1. k-Means Clustering

 

Question 1: Given this is an imperfect real-world, you need to determine what you believe is the best value for “k” and write-up this portion of your lab report.  

You should include a brief discussion of your k-Means analysis as well as the best value of “k” that you determine. You should include what mixture of variables within the clusters that this value of “k” results in. That is, you need to interpret your k-Means analysis and discuss what it means.**  

Answer 1: According to the plot of the average total within sum of squares by number of clusters (k) in Fig. 1, also known as the elbow method, the optimal k is 3. This method investigates the percentage of variance explained by k, and the optimal k is chosen when the rate of change starts to drop. Other preferable techniques are the silhouette method and the the Bayesian inference criterion. However, the instructions for Part 1 of Lab 3 suggest k=5.  

When k=5,
Cluster 1 seems to be those customers who heavily consume milk and grocery, followed by Cluster 4.
Cluster 5 seems to be those customers who heavily consume fresh, followed by Cluster 2.
Cluster 3 seems to represent the low (or regular) consumption customers.

 

Question 2: How many points do you see in each cluster?  
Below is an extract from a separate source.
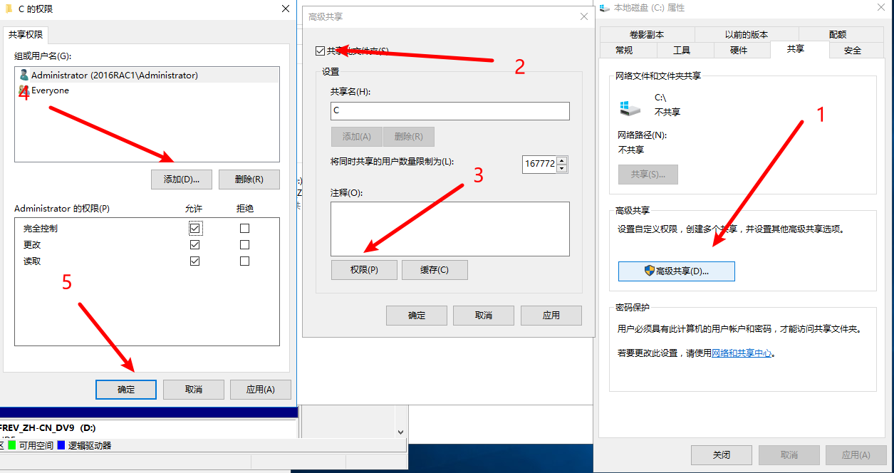 我这里只有C盘,所以就只需要设置C盘共享,如果更改oracle安装目录,还需要自行修改

Answer 2: The clustering algorithm used is k-means, i.e., the function kmeans() from the default package “stats”. The random seed is set to 76964057. There are 421 observations based on six variables, namely “Fresh”, “Milk”, “Grocery”, “Frozen”, “Detergents_Paper”, and “Delicassen” (therefore, “Channel” and “Region” are not taken into consideration). The numbers of components in the five clusters are shown below.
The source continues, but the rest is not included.